Wednesday, January 15, 2014

Painting

When you paint an object or person, you can no longer take its lines and curves and colors for granted. Neither can you see it as an isolated thing. Its surroundings touch it and reflect colors and shadows on it. You have to see that it exists in a context, and that context is continuous.

When photography was invented painting became less useful, it wasn’t the only way to record an image. Photos record the reality of a moment, so that even when that moment is gone we can look into it with minimal outside interpretation. Even if the photographer doesn’t see something, if its in the frame, its there forever.

Painting, though, is a totally different beast. Its not a captured instant but the result of a scene in four dimensions being processed through the artist’s senses and then compacted onto a two dimensional canvas. Light, color, weight of an object, how it arranges into its surroundings, and all the tiny changes that happen to these variables in the timeframe of the painting process, are all summarized into the scene.

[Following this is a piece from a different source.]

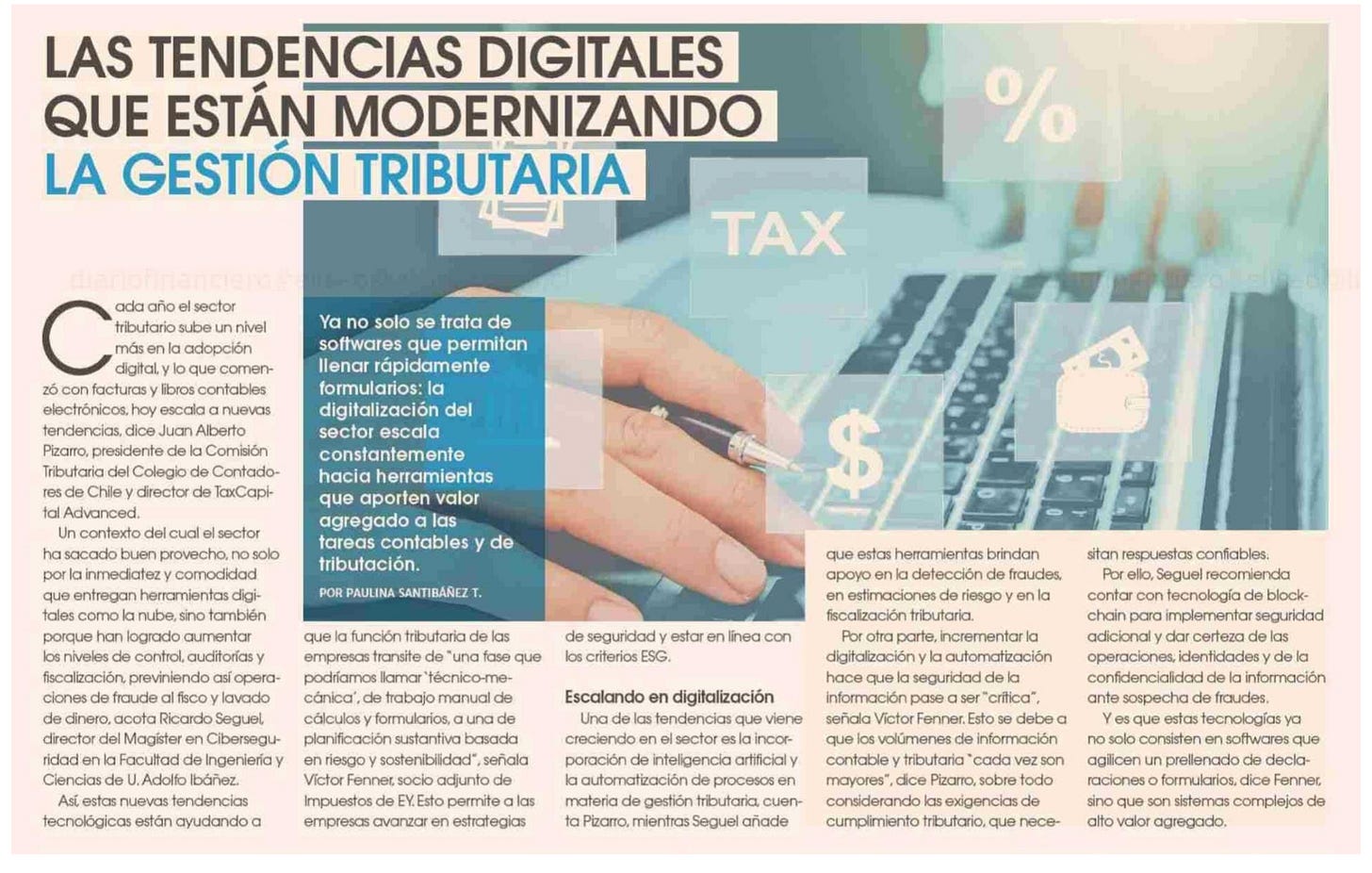 Diario Financiero destaca los comentarios de Ricardo Seguel, director académico del Magíster de Ciberseguridad de la Facultad de Ingeniería y Ciencias UAI, acerca de las nuevas tecnologías y sistemas para la gestión tributaria.

The artist is working from many moments in time for many hours put together. Maybe rather than a photograph, a painting might be more relatable to a video, although of a generally still scene. On the other hand all that indirect processing makes a painting much more subjective. This adds on another dimension, of consciousness, when the painter’s mind and hand interacts with the scene.

While I’ve mainly been talking about realism, which I love, there are so many types and styles and lots to say about all of them for sure.